-- Opening Marker --
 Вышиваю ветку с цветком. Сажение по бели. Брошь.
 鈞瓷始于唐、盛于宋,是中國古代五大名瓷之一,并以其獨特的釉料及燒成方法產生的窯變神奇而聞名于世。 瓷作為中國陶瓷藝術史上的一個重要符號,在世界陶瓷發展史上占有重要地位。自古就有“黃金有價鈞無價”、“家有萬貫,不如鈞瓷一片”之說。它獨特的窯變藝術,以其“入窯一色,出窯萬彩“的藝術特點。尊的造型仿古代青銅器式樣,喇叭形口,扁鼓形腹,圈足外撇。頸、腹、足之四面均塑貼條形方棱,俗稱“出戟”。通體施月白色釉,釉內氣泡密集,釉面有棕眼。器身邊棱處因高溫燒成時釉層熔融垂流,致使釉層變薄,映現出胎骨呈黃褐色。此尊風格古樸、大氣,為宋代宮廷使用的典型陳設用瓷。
-- Closing Marker --
-- Opening Marker --
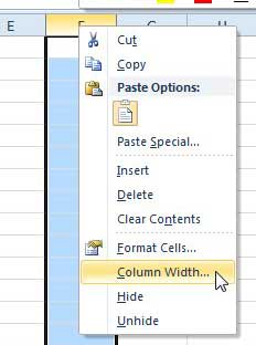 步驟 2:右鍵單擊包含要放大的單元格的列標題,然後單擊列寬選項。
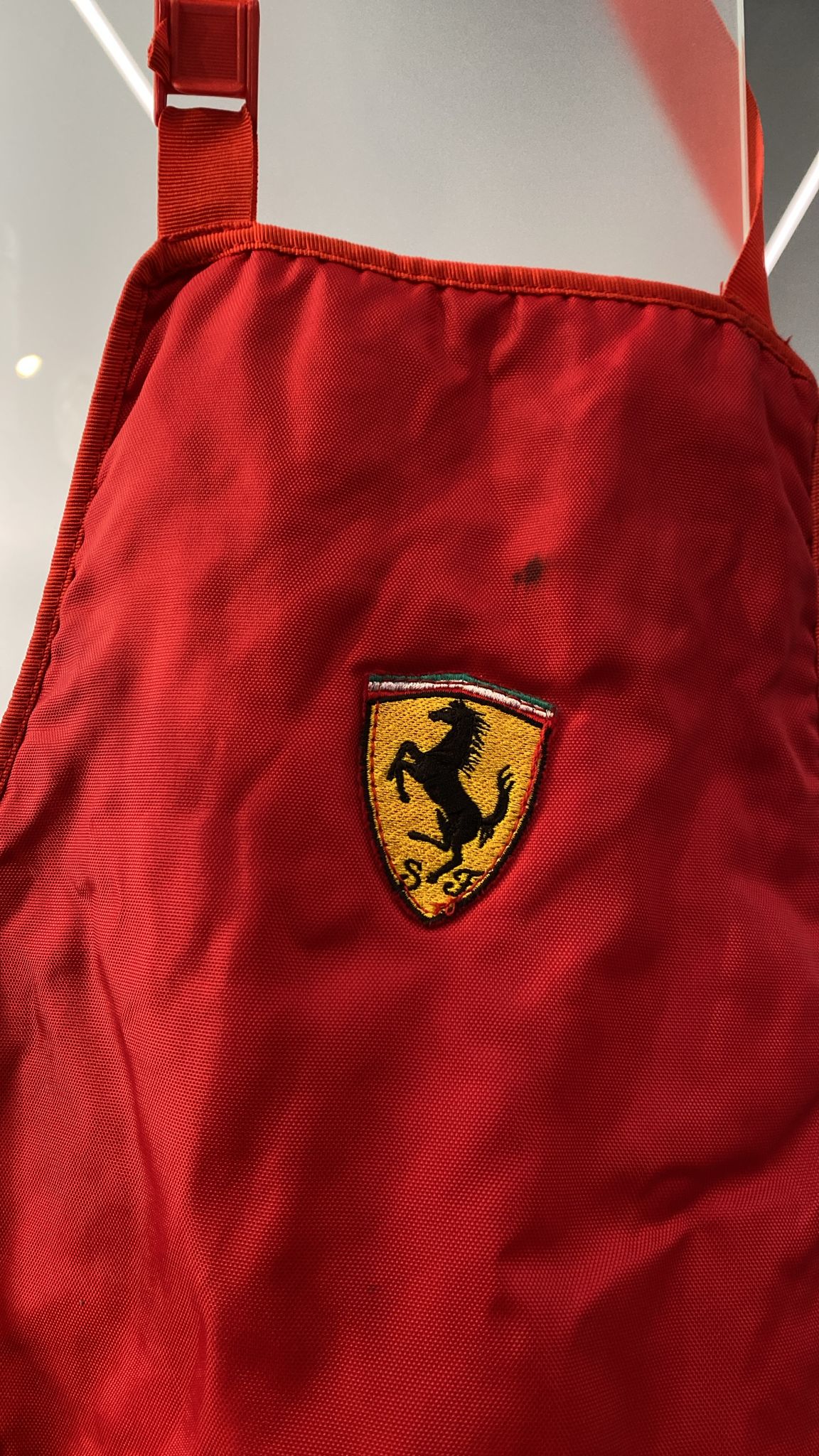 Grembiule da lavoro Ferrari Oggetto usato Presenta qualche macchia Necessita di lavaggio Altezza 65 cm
-- Closing Marker --
_What you should do_
Copy the lines above exactly. Start with the line containing "Вышиваю ветку с", end with the line containing "鈞瓷始于唐、盛于宋,是中國古", and include both.

_Final answer_
 Вышиваю ветку с цветком. Сажение по бели. Брошь.
 鈞瓷始于唐、盛于宋,是中國古代五大名瓷之一,并以其獨特的釉料及燒成方法產生的窯變神奇而聞名于世。 瓷作為中國陶瓷藝術史上的一個重要符號,在世界陶瓷發展史上占有重要地位。自古就有“黃金有價鈞無價”、“家有萬貫,不如鈞瓷一片”之說。它獨特的窯變藝術,以其“入窯一色,出窯萬彩“的藝術特點。尊的造型仿古代青銅器式樣,喇叭形口,扁鼓形腹,圈足外撇。頸、腹、足之四面均塑貼條形方棱,俗稱“出戟”。通體施月白色釉,釉內氣泡密集,釉面有棕眼。器身邊棱處因高溫燒成時釉層熔融垂流,致使釉層變薄,映現出胎骨呈黃褐色。此尊風格古樸、大氣,為宋代宮廷使用的典型陳設用瓷。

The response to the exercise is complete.